Math 202A: Lecture 4

Definition 4.1. A Hilbert space is a complex vector space $V$ equipped with a scalar product: a function

$\langle \cdot,\cdot \rangle \colon V \times V \longrightarrow \mathbb{C}$

satisfying:

$\langle v,v \rangle \geq 0$ with equality if and only if $v=0_V$ ;
$\langle v,w \rangle=\overline{\langle w,v\rangle}$ ;
$\langle v, \beta_1w_1+\beta_2w_2\rangle=\beta_1\langle v,w_1\rangle + \beta_2 \langle v,w_2\rangle.$

The term “scalar product” indicates that $\langle \cdot,\cdot \rangle$ is a rule for multiplying two vectors $v,w$ in $V$ such that the product $\langle v,w\rangle$ is a complex number rather than a vector in $V.$ Using these axioms you can check that the scalar product satisfies the following augmented FOIL identity from high school algebra, which is known as sesquilinearity:

$\langle \alpha_1v_1+\alpha_2v_2,\beta_1w_1+\beta_2w_2\rangle=\overline{\alpha_1}\beta_1\langle v_1,w_1\rangle + \overline{\alpha_1}\beta_2\langle v_1,w_2\rangle + \overline{\alpha_2}\beta_1\langle v_2,w_1\rangle + \overline{\alpha_2}\beta_2\langle v_2,w_2\rangle.$

Definition 4.1 is nonstandard in that it typically includes an extra analytic condition which we have omitted (this will be discussed further below). One may also see the pair $(V,\langle \cdot,\cdot\rangle)$ referred to as a Hermitian space.
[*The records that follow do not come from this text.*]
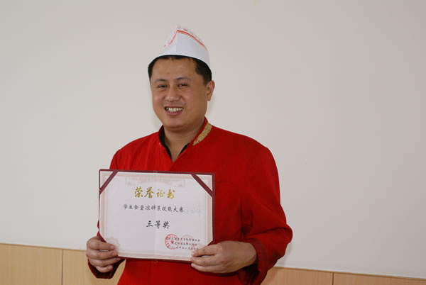 11月中旬,省教育厅伙食专业委员会在哈尔滨师范大学举办全省高校第三届厨艺大赛,我院后勤服务总公司饮食服务中心职工食堂厨师安国峰,代表学院参加大赛并荣获三等奖。本届共有全省高校80余名厨艺高手参赛,最终决出一等奖1名,二等奖2名,三等奖4名,我院为哈外高校唯一获奖单位。 图为我院获奖厨师安国峰手捧获奖证书
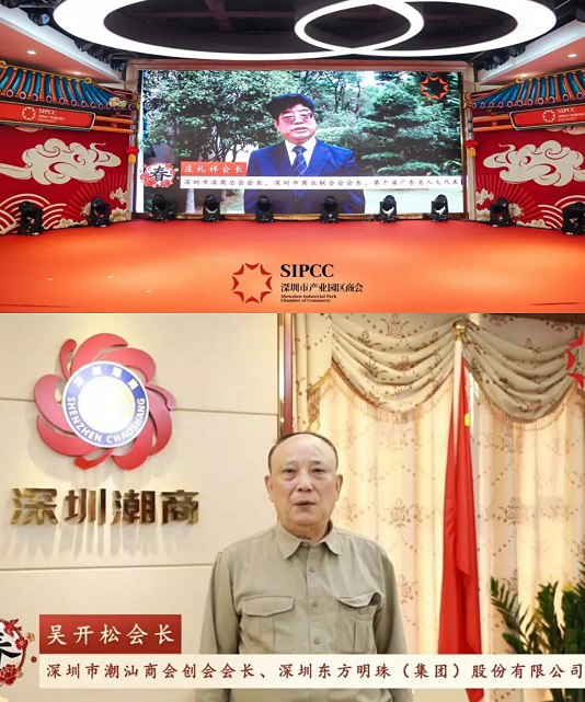 深圳市深商總會、深圳市商業聯合會、第十屆廣東省人大代表莊禮祥會長和深圳市潮汕商會創會會長吳開松會長特別通過視頻送來對深圳市產業園區商會的新春祝福。
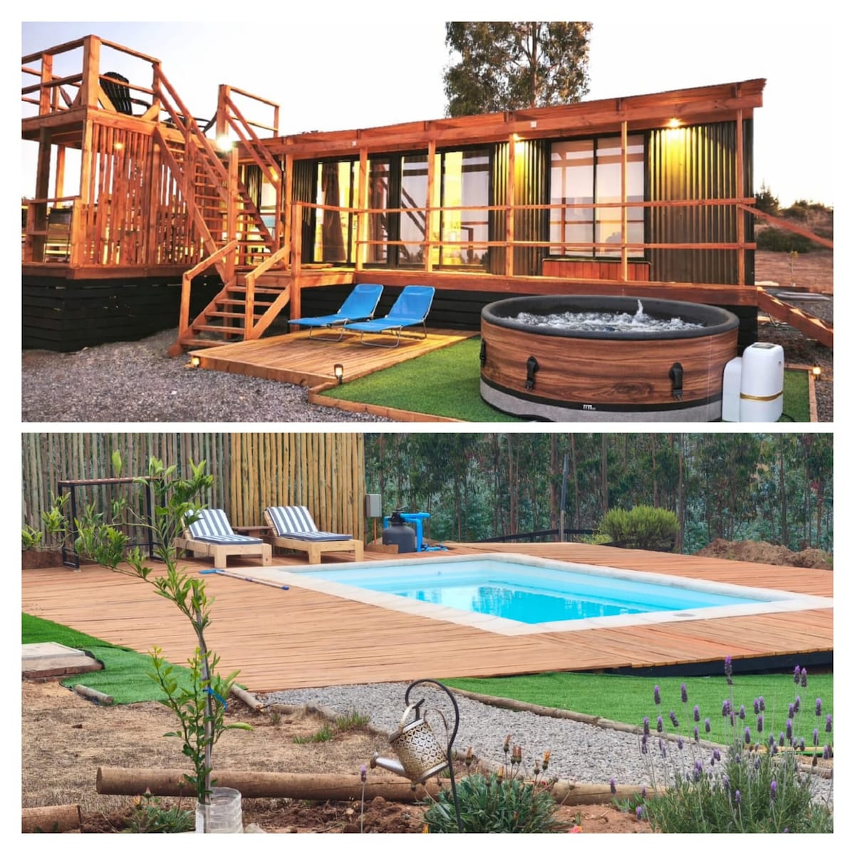 Connectez-vous avec la nature lors de cette escapade inoubliable. Tiny House pour 4 personnes avec piscine et vue sur la mer, entourée de forêt sur un terrain de 6 000 m2. Idéal pour les couples, les familles avec enfants ou les personnes qui veulent travailler avec une vue unique. Elle est située dans le meilleur quartier de Pupuya dans la forêt, près de la mer. Proche de la zone humide de Pupuya et de Matanzas, l'un des meilleurs endroits pour le kitesurf et le surf au Chili, ainsi que des restaurants.
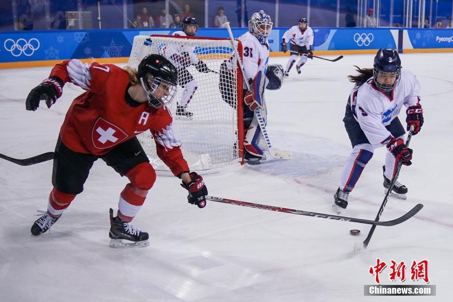 2月10日,2018平昌冬奥会女子冰球比赛开战,朝韩女子冰球联队(白色球衣)首秀对阵瑞士队,最终朝韩联队以0比8败于瑞士队。中新社记者 崔楠 摄
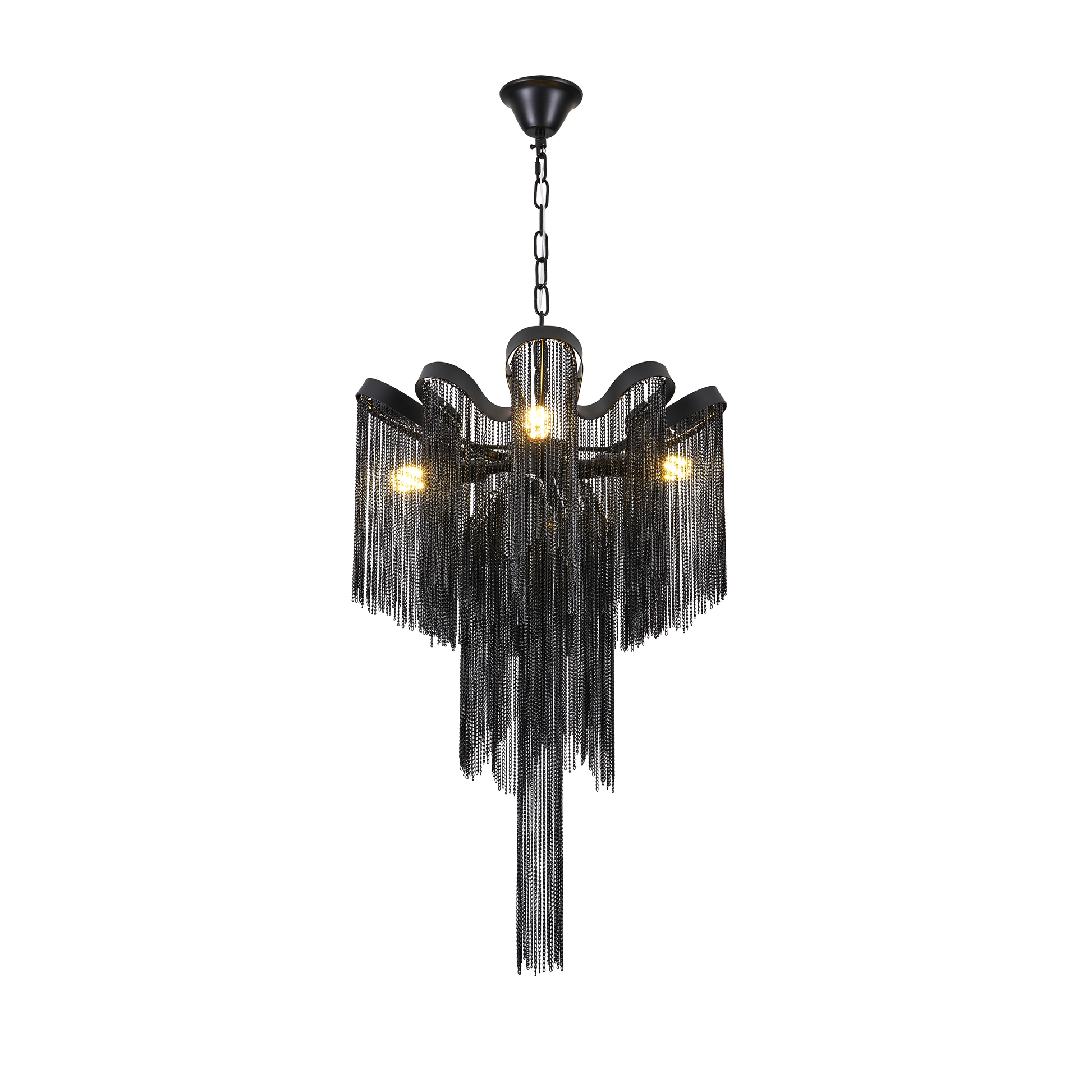Iron and aluminum chandelier with modern design, black color.
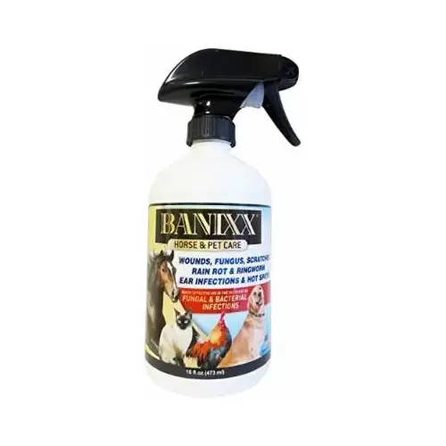 Banixx Wound & Hoof Care Spray treats infections such as rainrot, ringworm, fungus, scratches, mudfever, thrush, and whiteline.
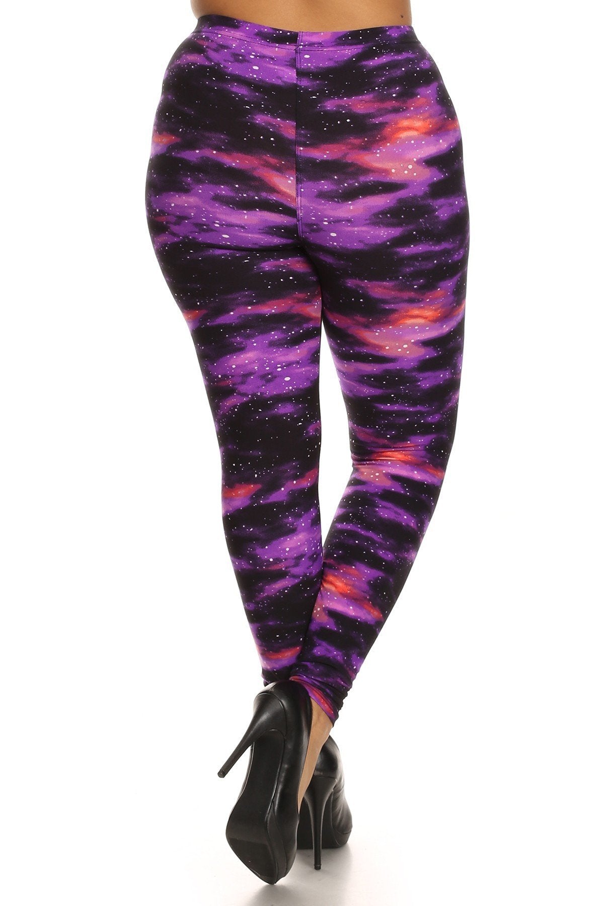Tissu peau de pêche super doux grande taille, legging en tricot imprimé graphique galaxie avec détail élastique à la taille. Coupe taille haute
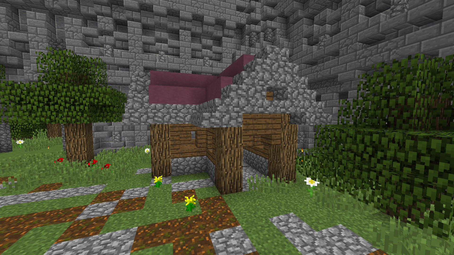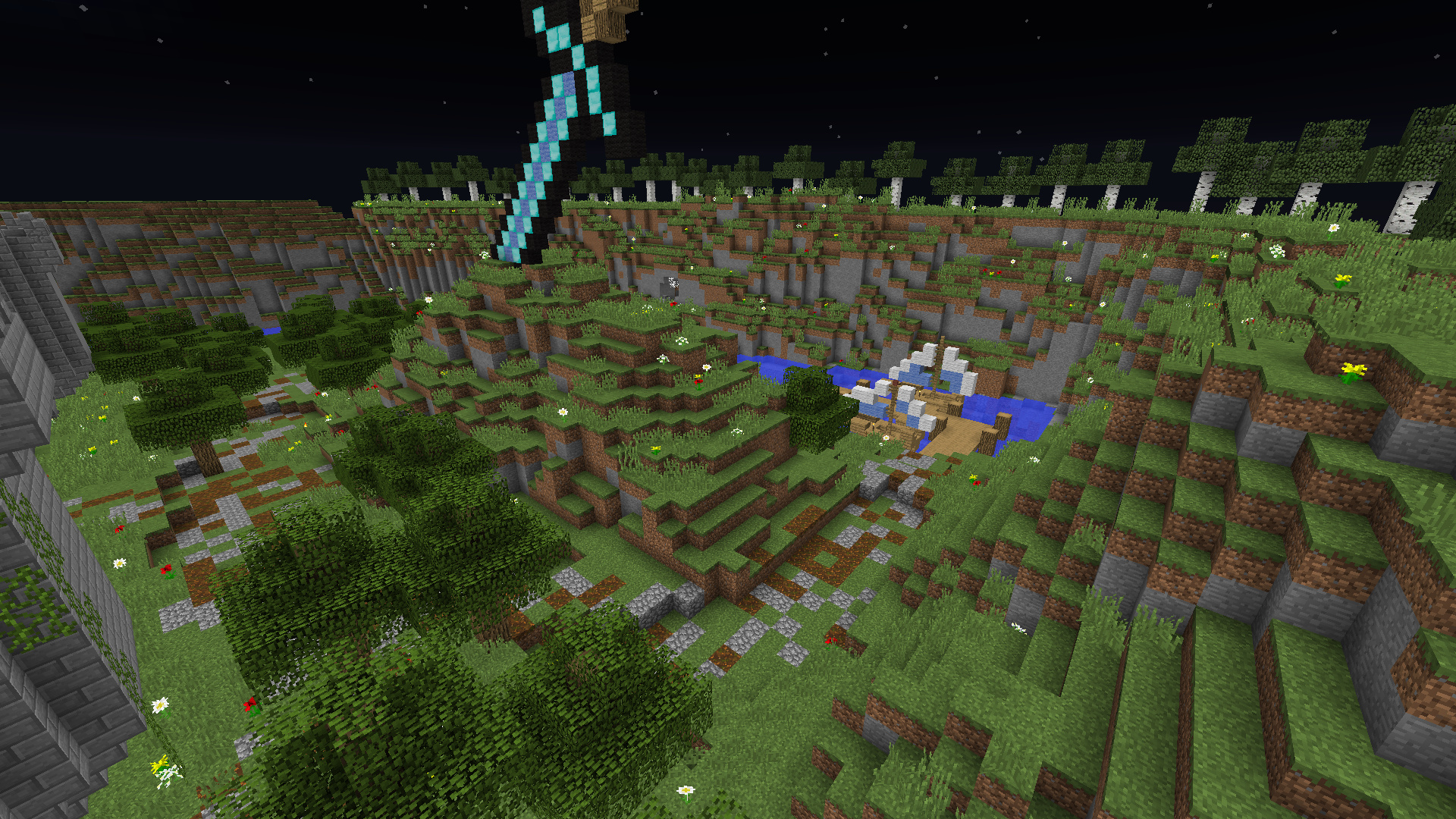 i teraz tak: na punty respanu (bo gracze tu będą tepani) wymyśliłem coś takiego: wiadomo, to będzie się zmnieniać na każdym biomie, ale zamysł jest taki. Rzecz w tym, że znając ludzi będą kampić pod tym, dlatego innym pomysłem jest zrobienie takiego czegoś, że punkty spawnu byłby niewidoczne, gdzieś tam na drodze (około 5 na biom, bo jak widzicie mapa jest podzielona na biomy), a po teleportacji gracz byłby nietykalny przez 10 sekund lub do momentu aż kogoś uderzy (eliminując tych co po zrespieniu kampiliby w miejscu swojego respa).
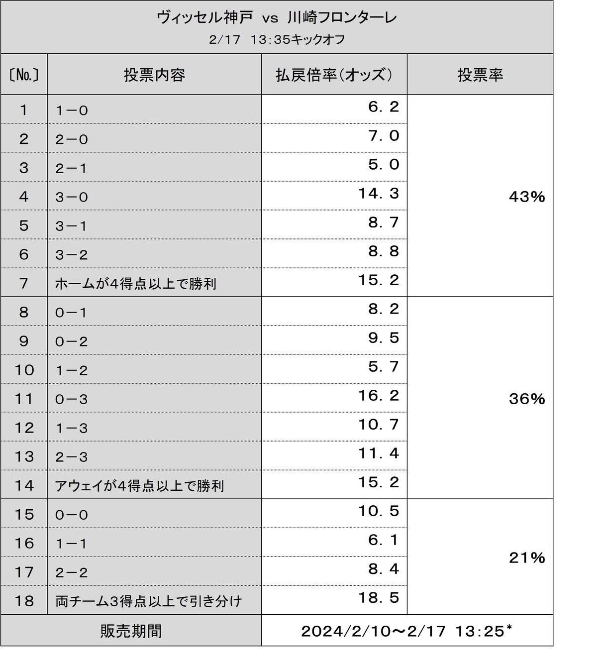 ※1 2月16日(金)10時時点の投票状況となります。払戻倍率(オッズ)は、投票状況により販売終了まで変動します。払戻倍率(オッズ)は、スポーツくじオフィシャルサイト(https://www.toto-dream.com/)で随時更新しています。
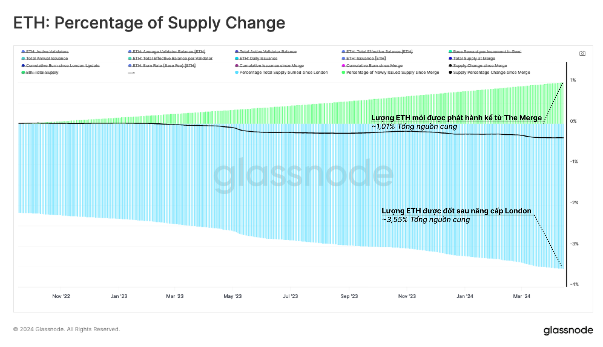 Staking trên Ethereum đã có nhu cầu cao bất ngờ, với lượng ETH tích cực tham gia vào Bằng chứng cổ phần (Proof-of-Stake) hiện ở mức 31,4 triệu ETH (~ 26% tổng nguồn cung). Chúng ta có thể thấy tốc độ tăng trưởng của các ETH được stake đang tăng lên trong những tháng gần đây. Điều này xảy ra sau khi các cải tiến mới như giao thức Eigenlayer Restaking được ra mắt vào tháng 6 năm 2023 và các giao thức Liquid Restaking ra mắt vào đầu năm 2024.

A vector space $V$ without a scalar product abstracts the familiar operations of addition and scaling of spatial vectors $\vec{v}$ , which are standard in science and engineering. In particular you have already in your mind the image of vectors as directed line segments representing things like velocity or acceleration; these are added tail-to-tip and stretched or squished by scalar multiplication. The reason to generalize from spatial vectors $\vec{v}$ to abstract vectors $v$ is that many other types of objects can be manipulated in the same way as spatial vectors, and we can study all such systems simultaneously through an axiomatic development of general vector spaces. The motivation behind allowing for scaling by arbitrary complex numbers instead of just real ones is a bit more involved, but one may point to the use of complex vector spaces in quantum mechanics as one reason. The role of the scalar product is to provide an axiomatic foundation for abstracting familiar geometric aspects of spatial vectors, such as the length of a vector and the angle between two vectors, to the setting of an arbitrary vector space.

Defintion 4.2. A normed vector space is a complex vector space $V$ equipped with a function

$\|\cdot\| \colon V \longrightarrow [0,\infty)$

such that

$\|v\|=0$ if and only if $v=0_V$ ;
$\|\alpha v\| = |\alpha|\|v\|$ ;
$\|v+w\| \leq \|v\| + \|w\|.$

The norm $\|v\|$ abstracts the notion of vector length in a way which is compatible with our geometric intuition. The first axiom says that only the zero vector has zero length. The second says that scaling a vector and then measuring its length is the same thing as multiplying the original length measurement by the magnitude of the scaling. The third is the triangle inequality: it abstracts the fact that if we add two spatial vectors $\vec{v},\vec{w}$ tail-to-tip we get a triangle with three directed sides $\vec{v},\vec{w}$ and $\vec{v}+\vec{w}$ . Any normed vector space can be promoted to a metric space with distance defined by $\mathrm{d}(v,w) = \|v-w\|.$

We now claim that in a Hilbert space $V$ the scalar product gives us a norm defined by

$\|v\| = \sqrt{\langle v,v \rangle}.$

To verify this claim, we have to check that the three conditions stipulated by Definition 4.2 do in fact hold. The first two are easy to check. The third is a bit more problematic: we compute

$\|v+w\| = \sqrt{\langle v+w,v+w\rangle} = \sqrt{\|v\|^2+2\Re \langle v,w\rangle + \|w\|^2}$

and we have to control the quantity $\Re \langle v,w\rangle.$ Since the real part of any complex number is bounded by its modulus, where equality holds precisely for nonnegative real numbers, we have

$\|v+w\| \leq \sqrt{\|v\|^2+2|\langle v,w\rangle| + \|w\|^2}$

with equality if and only if $\langle v,w \rangle \geq 0.$

Theorem 4.3. (Cauchy-Schwarz inequality) For any vectors $v,w \in V$ we have

$|\langle v,w\rangle \leq \|v\| \|w\|,$

with equality if and only if $w = \alpha v$ for some $\alpha \in \mathbb{C}.$

Problem 4.1. Prove the Cauchy-Schwarz inequality.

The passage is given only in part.